In the early years of the solar system, giant planets still in formation dodged around each other, did a do-si-do, and then swept one of their companions out of the sun’s gravitational grasp. Things settled down and our planetary system was in its final configuration.
It is unknown what triggered that planetary deck. Now, computer simulations suggest that hot radiation from the young sun evaporating its disk of planet-forming gas and dust led to scrambling of the orbits of the giant planets, researchers report in the April 28 Nature.
As a result, the four largest planets may have been in their final configuration within 10 million years of the birth of the solar system about 4.6 billion years ago. That’s much faster than the 500 million years that earlier work had suggested.
The planetary shuffling mechanism the team discovered in computer simulations is highly innovative, says Nelson Ndugu, an astrophysicist who studies planetary system formation at North-West University in Potchefstroom, South Africa, and Muni University in Arua, Uganda. . “It has enormous potential.”
Piles of evidence, including observations formation of extrasolar planetary systems (Serial number: 2/7/18), had already indicated that something in the early history of our solar system confounded the orbits of the giant planets, which scientists call the instability of giant planets (Serial number: 05/25/05).
“The evidence for the instability of giant planets is really strong,” says Seth Jacobson, a planetary scientist at Michigan State University in East Lansing. “It explains many features of the outer solar system,” he says, such as the large number of rocky objects beyond Neptune that form the Kuiper Belt (Serial number: 12/31/09).
To find out what triggered that instability, Jacobson and his colleagues ran computer simulations of the thousands of ways the early solar system could have developed. It all started with a young star and a disk of planet-forming gas and dust surrounding the star. The team then tweaked parameters of the disk, such as its mass, density, and how fast it evolved.
The simulations also included the giant planets in formation – five of them, in fact. astronomers think of a third ice giantbesides Uranus and Neptune, it was originally a member of the solar system (Serial number: 04/20/12). Jupiter and Saturn round out the final count of these massive planets.
When the sun officially became a star, that is, at the moment it began to burn hydrogen in its core, approximately 4.6 billion years ago, its ultraviolet emission would have hit the gas in the disk, ionizing it and heating it to tens of thousands of degrees. “This is a very well-documented process,” says Jacobson. As the gas heats up, it expands and moves away from the star, starting from the inner part of the disk.
“The disk disperses its gas from the inside out,” says Beibei Liu, an astrophysicist at Zhejiang University in Hangzhou, China. He and Jacobson collaborated with astronomer Sean Raymond of the Laboratoire d’Astrophysique de Bordeaux in France on the new research.
In the team’s simulations, as the inner part of the disk dissolves, that area loses mass, so embedded planets that are still forming feel less gravity in that region, Jacobson says. But the planets still feel the same amount of pull from the outer region of the disk. This gravitational twist, as the team calls it, can trigger a rebound effect: “Originally, the planets migrated and reached the [inner] edge of this disk, and they reverse their migration,” says Liu.
Due to Jupiter’s large mass, it is mostly unaffected. However, Saturn is moving outward and into the region that, in the simulations, contains the three ice giant planets. That area becomes crowded, Liu says, and close planetary interactions follow. An ice giant is ejected from the solar system entirely, Uranus and Neptune drift a little further from the sun and “gradually form orbits close to our solar system configuration,” Liu says.
In their computer simulations, the researchers found that as solar radiation evaporates the disk, planetary reshuffling almost always occurs. “We can’t avoid this instability,” says Jacobson.
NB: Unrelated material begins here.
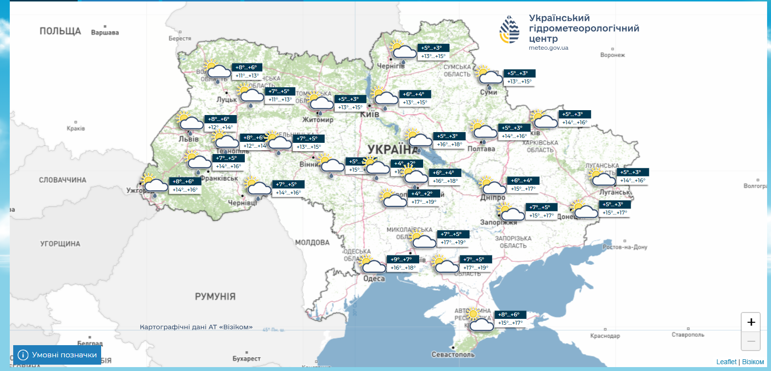 На півдні та південному сході буде трохи тепліше – вночі +1…+6, вдень до +13.

Now that the researchers have an idea of what might have caused this reorganization of the solar system, the next step is to simulate how the evaporation of the disk might affect other objects.
“We’ve focused a lot on the giant planets, because their orbits were the original motivation,” says Jacobson. “But now, we need to do follow-up work to show how this triggering mechanism relates to small bodies.”